C’è una citazione di Leonardo Sciascia sull’umanità che mi ha sempre appassionato: «Io ho una certa pratica del mondo; e quella che diciamo l’umanità, e ci riempiamo la bocca a dire umanità, bella parola piena di vento, la divido in cinque categorie: gli uomini, i mezz’uomini, gli ominicchi, i (con rispetto parlando) pigliainculo e i quaquaraquà.”
Penso che queste persona non rientrano in nessuna di queste categorie, ahimè!

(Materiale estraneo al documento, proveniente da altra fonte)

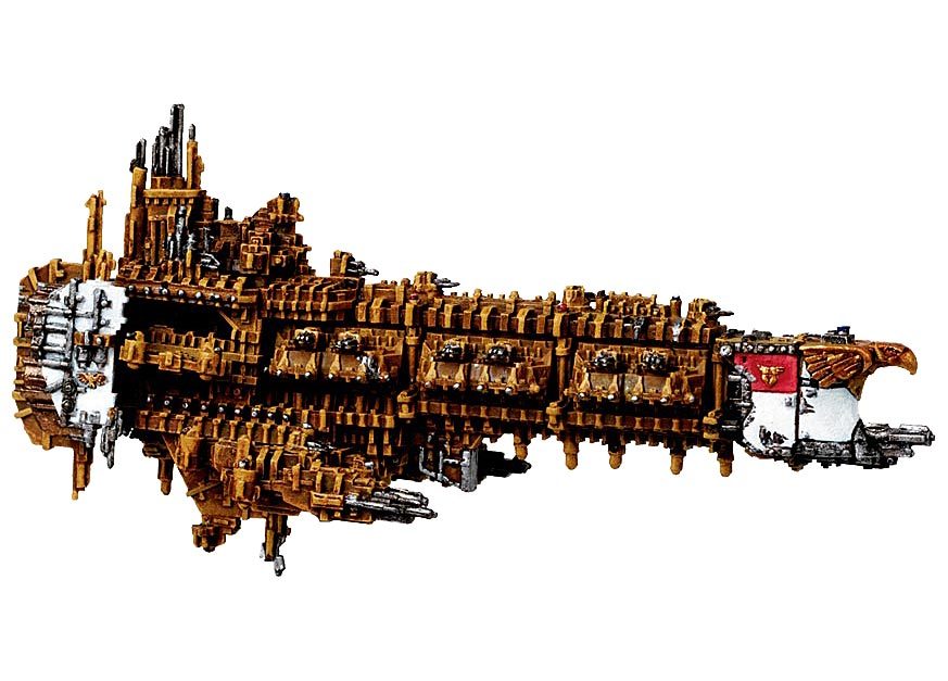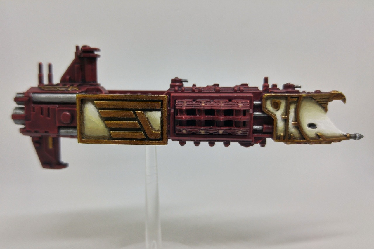 As the only line ship Space Marines have, this light cruiser has to be a jack of all trades. With a 25cm speed and 90° turns it's nimble, but only 6 hull points and a single shield. The 360° 6+ armour helps, but fundamentally this thing doesn't have staying power, so you need to use it wisely. Its modest firepower 4 broadsides are going to need to fire in concert with other ships, but the main draw here is that it can launch 2 Thunderhawks a turn and has a turret-mounted strength 3 bombardment cannon. That broad firing arc means you don't have to worry too much about your facing, but you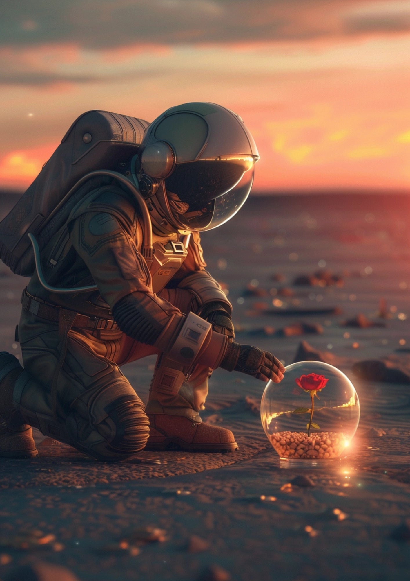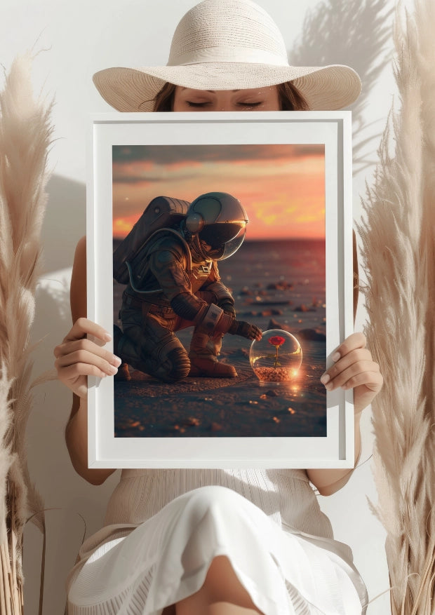 Wykonany z najwyższej jakości materiałów, plakat zachwyca detalem i głębią kolorów. Idealny do każdego wnętrza, dodaje elegancji i innowacyjności. Postać astronauty przyglądająca się delikatnej róży w kuli to symbol odkrywania nowych światów i uporczywego dążenia do piękna nawet w najbardziej nieoczekiwanych miejscach.Wzbudź Emocje i Inspirować
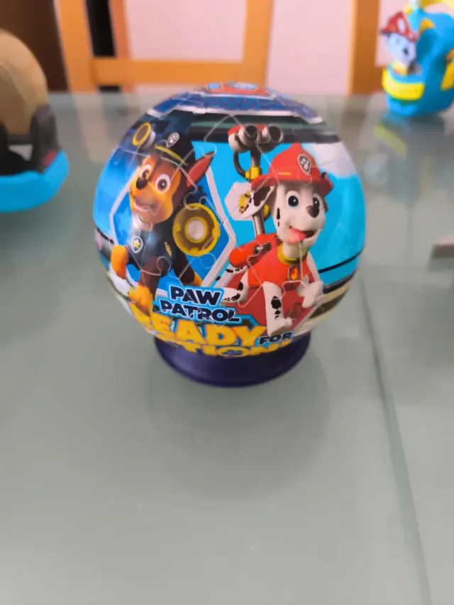 Pelota puzzle de la Patrulla Canina. - Diseño con personajes de la serie. - Base de soporte incluida.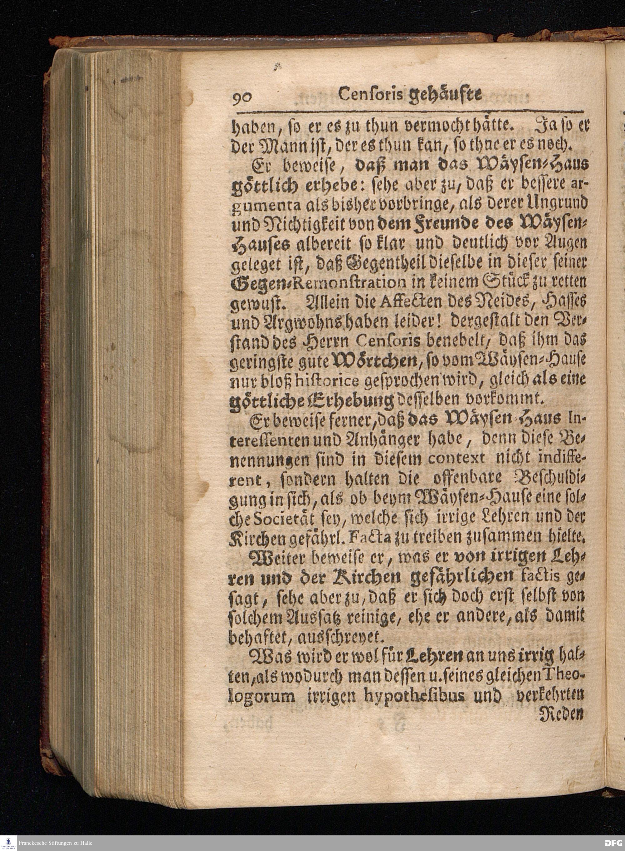 Segens=volle Fußstapfen des noch lebenden und waltenden liebrei=│chen und getreuen GOttes, Zur Beschämung des Unglaubens und Stärckung des Glaubens, entdecket durch eine wahrhafte und umständliche Nachricht von dem Wäysen=Hause und übrigen Anstalten zu Glaucha vor Halle; Welche Im Jahr 1701. zum Druck befördert, ietzo aber zum dritten mal ediret, und bis auf gegenwärtiges Jahr fortgesetzet von August Hermann Francken, S.Theol.Prof.und Past. HALLE, in Verlegung des Wäysen=Hauses, MDCCIX.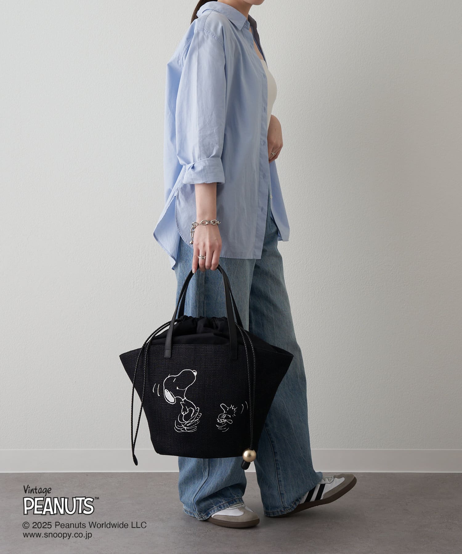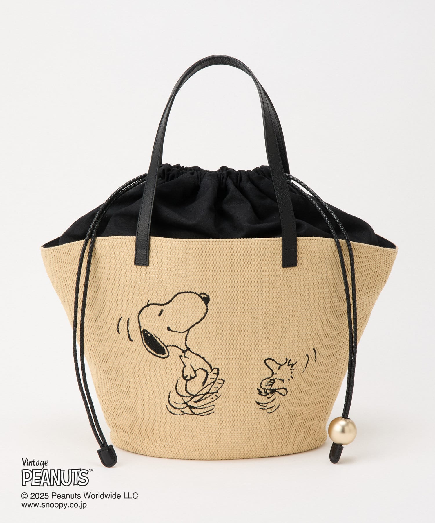 楽しい様子のスヌーピーとウッドストックの刺繍入りで、おでかけしたくなるアイテムに仕上げました。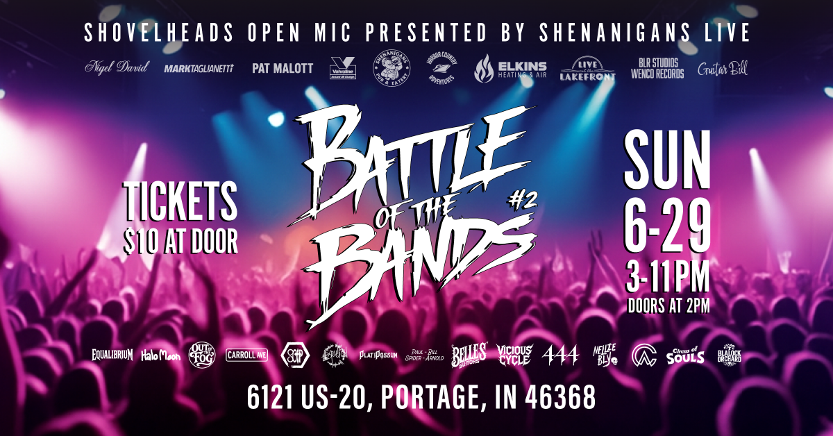 Wednesday, June 4, 2025 BattleOfTheBands Shovelheads LiveMusic ChestertonIN IndianaMusicScene LocalBands FreeEvent RockShow MusicCompetition AcousticSet SupportLocalMusic BellesSuitors ViciousCycle CircusOfSouls 444Band ChasingAllura HaloMoon EquilibriumBand OutOfTheFog PlatiPossum CarrollAve SinsOfThePit ExpulsionNWI NellieBly BlalockOrchard saicmarktag Mark Taglianetti Jeremy Burns Dan Vahary Colin Biege michigan city portage indiana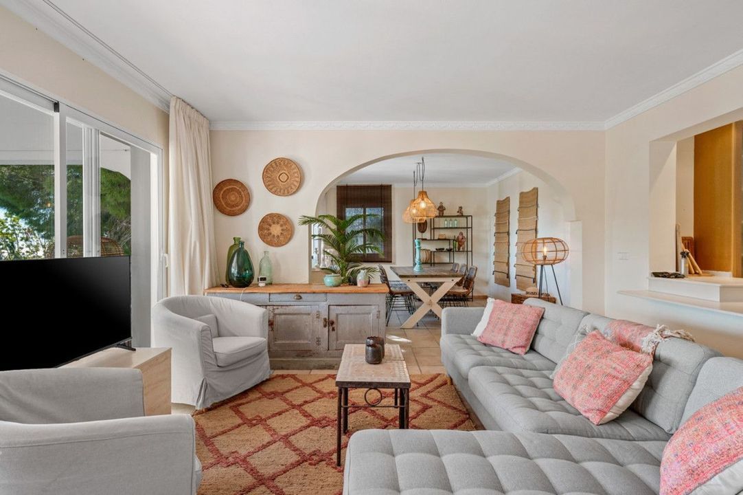 In de prestigieuze urbanisatie Galera Las Palmeras in Altea, op slechts enkele minuten rijden van de witte zandstranden, bevindt zich deze volledig gemoderniseerde villa in stijlvolle Ibiza-architectuur. Een uitzonderlijke combinatie van privacy, luxe en directe verhuurmogelijkheden.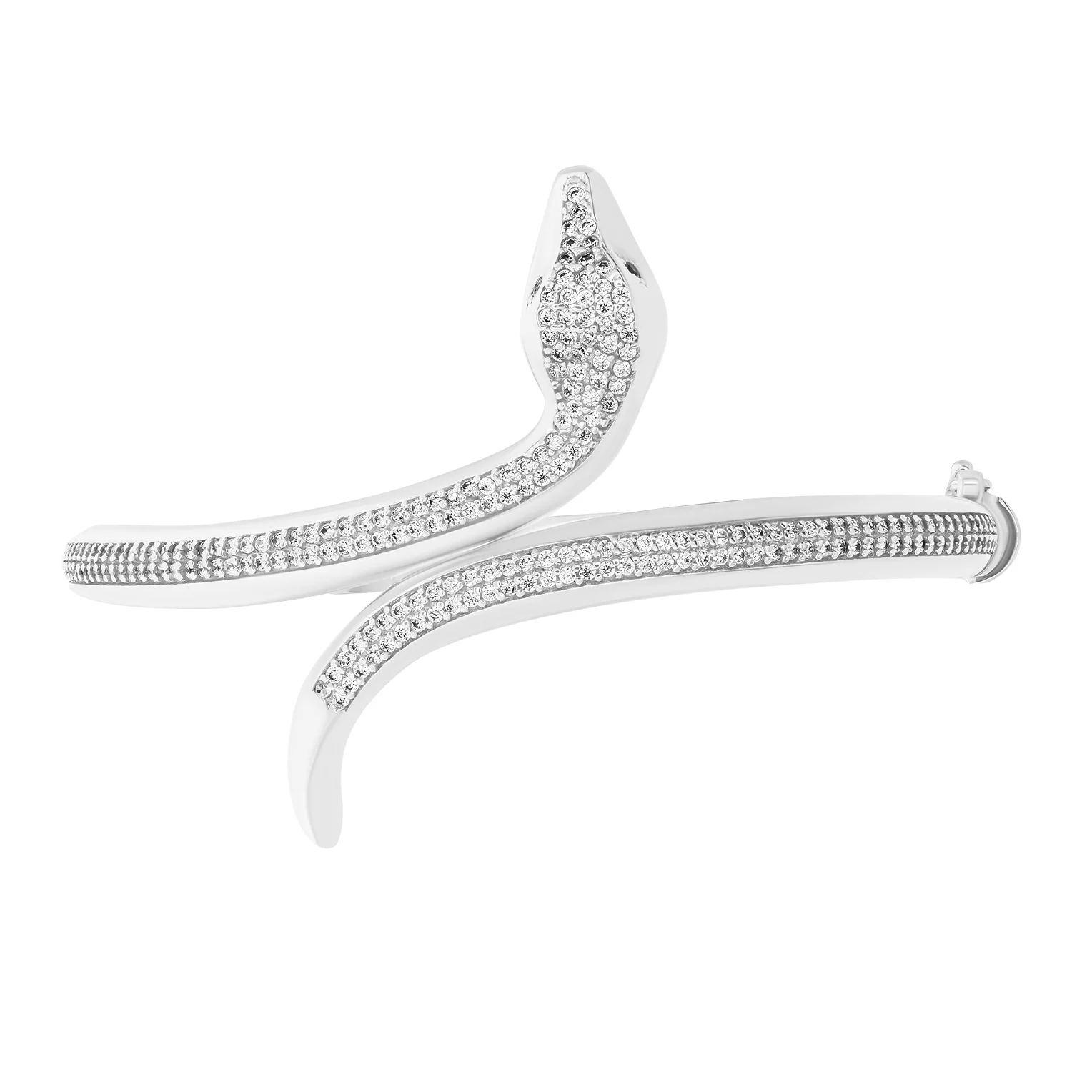 Жорсткий браслет "Змія" з білого золота з фіанітами - 1779296

Ma vorrei rivolgere un ultimo pensiero a Te, che sei in quel luogo dove prima o poi ognuno di noi deve giungere, il luogo della visiona beata, a tu per tu con il Signore della vita, cuore a cuore con l’Amore. Non ti preoccupare, godi beato in paradiso, attorniato dagli Angeli e dai Santi, noi qui su questa terra di passaggio continueremo a fare memoria e combattere affinchè la giustizia, quella terrena arrivi ad una conclusione.

A noi rimane solo, seppur con dolore, di gioire, perché ora sei felice, lontano dalle azioni malvage di gente ipocrita, omertosa, mafiosa e spregiudicata.